RE: 1990 chevy p30 sway bar bushings

Mike ,, first off welcome to the forums ,, not sure where u live and such ,, but if u have  Truck Pro parts store near u ,, i know they can get what u want ,, but also ck with the Chevy dealer ,, they maybe able to get them for u also ,, and while u'r at ,, call a few of the big truck shops ,, Napa should be able to get what u need , they have a Big truck catalog ,, but it depends on if the parts guy knows how to use it and such ,,


----------



## Triple E (Apr 27, 2010)

RE: 1990 chevy p30 sway bar bushings



These people have sway bars bushings for chevy motor homes. Good Luck.

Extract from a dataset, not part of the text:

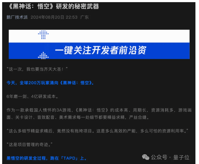 《黑神话》已经不只是一款游戏,在整个商业和科技圈都是一款现象级作品。
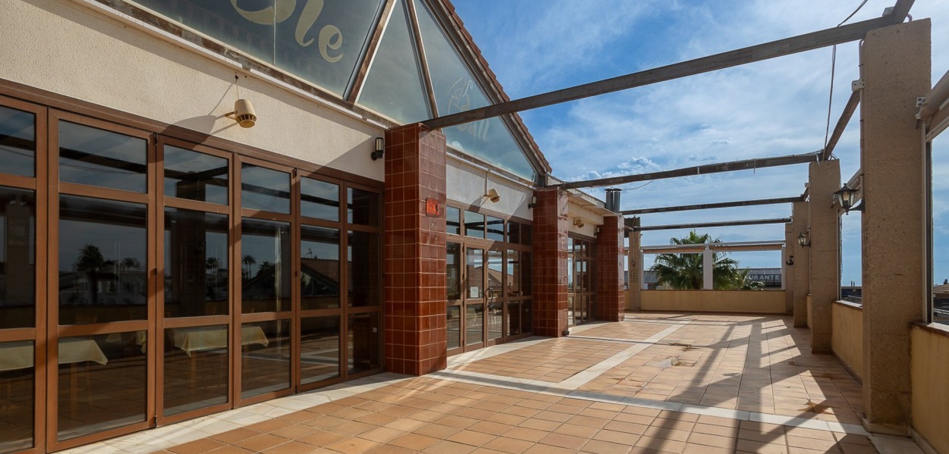 Fantastic Commercial Unit for Sale in the Popular Los Dolses Commercial Center This spacious corner premises—formerly a successful restaurant—offers an excellent opportunity for anyone looking to start or expand a business in one of the most sought-after areas of Los Dolses. The property is sold fully furnished and includes a complete, ready-to-use kitchen, making it an ideal turnkey investment. The unit boasts generous indoor space as well as extensive outdoor terraces on both sides, perfect for creating an inviting atmosphere for customers. Located on the second floor and easily accessible by elevator, it benefits from prime visibility within the bustling commercial center. Inside, the ground level features a well-designed restaurant layout with a bar area and customer toilets. The upper level includes a private office, bathroom, and additional storage space, providing convenience and functionality for daily operations. With its excellent location, ample space, and fully equipped setup, this property offers endless potential. Contact us for more information or an on-site viewing.

http://www.suspensionconnection.com/cgi-bin/suscon/scan/fi=products/st=db/co=1/sf=category/se=Sway%20Bar%20Bushings/op=eq/nu=0/sf=veh_make/se=Chevy%20%3A%3A%20GMC/op=eq/nu=0/sf=model/se=Truck%204wd/op=eq/nu=0/ml=25/tf=category/to=x/tf=veh_make/to=x/tf=model/to=x/tf=description/to=r.html


----------



## mikenmel (Apr 27, 2010)

Re: 1990 chevy p30 sway bar bushings

thanks triple e..........i see a set for a 1.42" bar....might be able to make that work........


----------



## Triple E (Apr 28, 2010)

Re: 1990 chevy p30 sway bar bushings

No problem Mike, that is what we are here for.  Please let us know if it works.    

 :8ball:


----------



## mikenmel (May 1, 2010)

Re: 1990 chevy p30 sway bar bushings

got a set for a 1.42" bar.  not exactly right, there's a small gap that won't close up.  but they work and it's tremendously better than it was before.  i know these won't last all that long but this buys me time and i can still look for the right ones.....thanks for the help.


----------